Israeli couscous with roasted butternut squash pairs the flavors of fall with pearl-shaped Israeli couscous. 

TAMMY LJUNGBLAD, KANSAS CITY STAR

If you’ve been paying attention to a guy named Michael Solomonov — the James Beard award-winning restaurant chef and owner of Zahav in Philadelphia — you already may be familiar with the nutty flavor and slight chew of Israeli couscous.

At his restaurant and in his cookbook, Solomonov serves the pearl-shaped granules in a variety of ways: cooked risotto-style with tomato to serve with fish, “stained” by carrot juice and saffron or combined with spicy kale and lemon to make salads.

While pantry ingredients like pomegranate molasses and zaa’tar may not make it into a regular meal rotation, Israeli couscous is an easy ingredient to work into a menu plan. It’s widely available in the health food or ethnic aisles of larger supermarkets. Similar to rice, the key to this larger format couscous is to steam it until it’s tender but not gummy.
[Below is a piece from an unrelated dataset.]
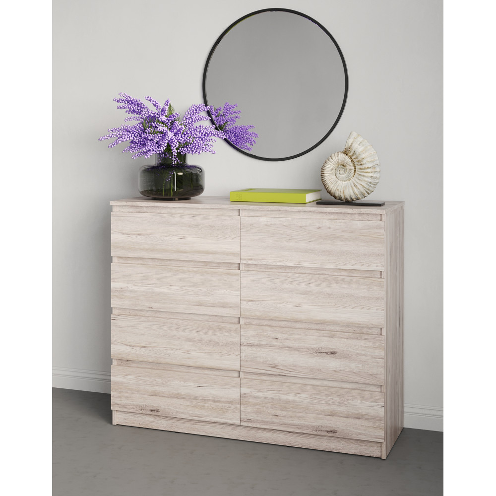 Комод виготовлений із надійного та екологічного ДСП, що відрізняється стійкістю до зношування й механічних пошкоджень. Комод на 8 ящиків ідеально підходить для спальні, вітальні, дитячої кімнати або передпокою, надаючи можливість організувати простір зі стилем.
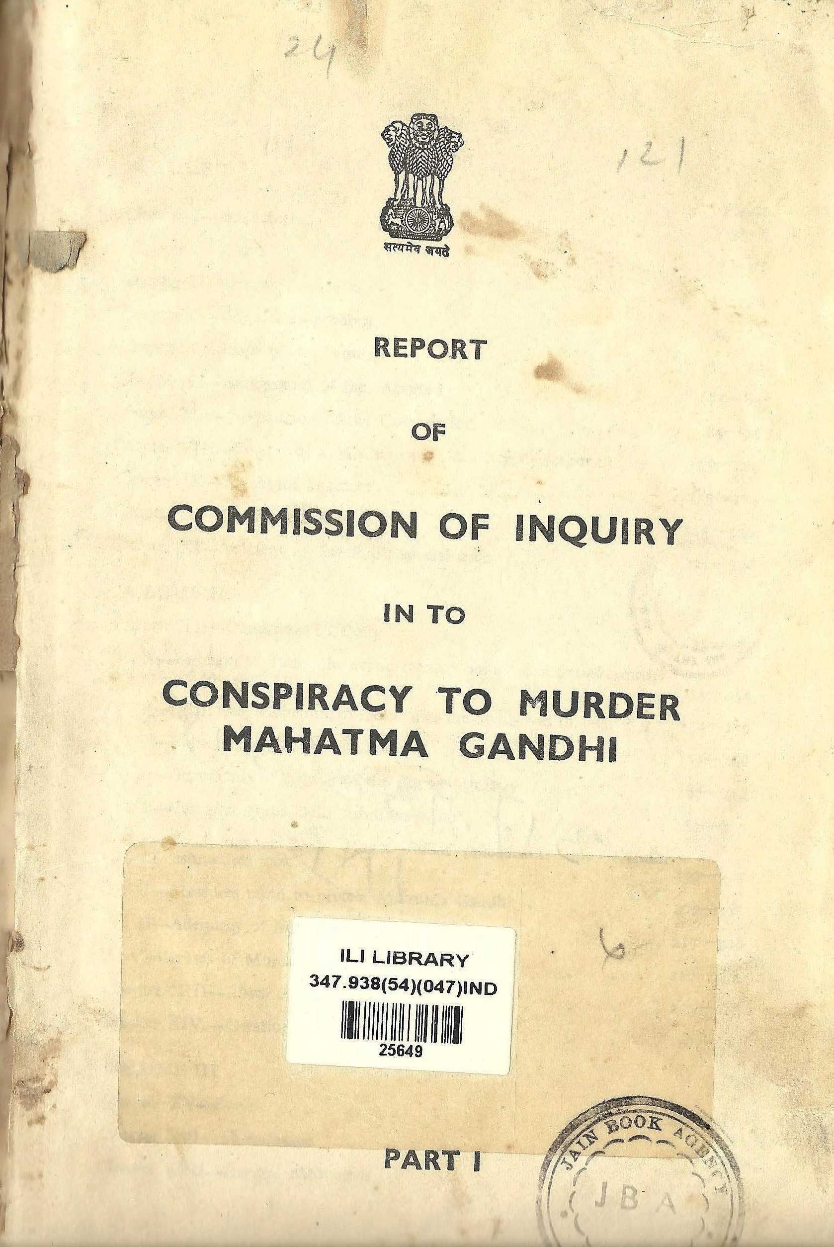 Cover of the Jeevan Lal Kapur Commission of Inquiry report.

Solomonov was born in Tel Aviv and grew up in Pennsylvania so his dishes combine Israeli cooking techniques with seasonal American ingredients. This Israeli couscous with roasted butternut squash pairs the semolina-wheat pasta with the flavors of fall: toasted pecans, pears and cranberries.

Preparation tips: Toasting the walnuts intensifies their flavor. To toast, spread the walnuts or pecans on a baking sheet. Bake at 350 degrees for 5 to 7 minutes or until lightly toasted.

Butternut squash cubes are often readily available, already peeled and cut in the produce section of large grocery stores. Alternately, you can cut the butternut squash. To make cutting easier, pierce the squash 3 or 4 times with a sharp knife. Microwave the squash on high (100 percent) power for 1 to 2 minutes; allow to stand and cool 3 minutes. Using a large, heavy knife, cut off stem. Peel using a vegetable peeler. Cut the squash in half and scoop out the seeds. Cut the flesh into cubes.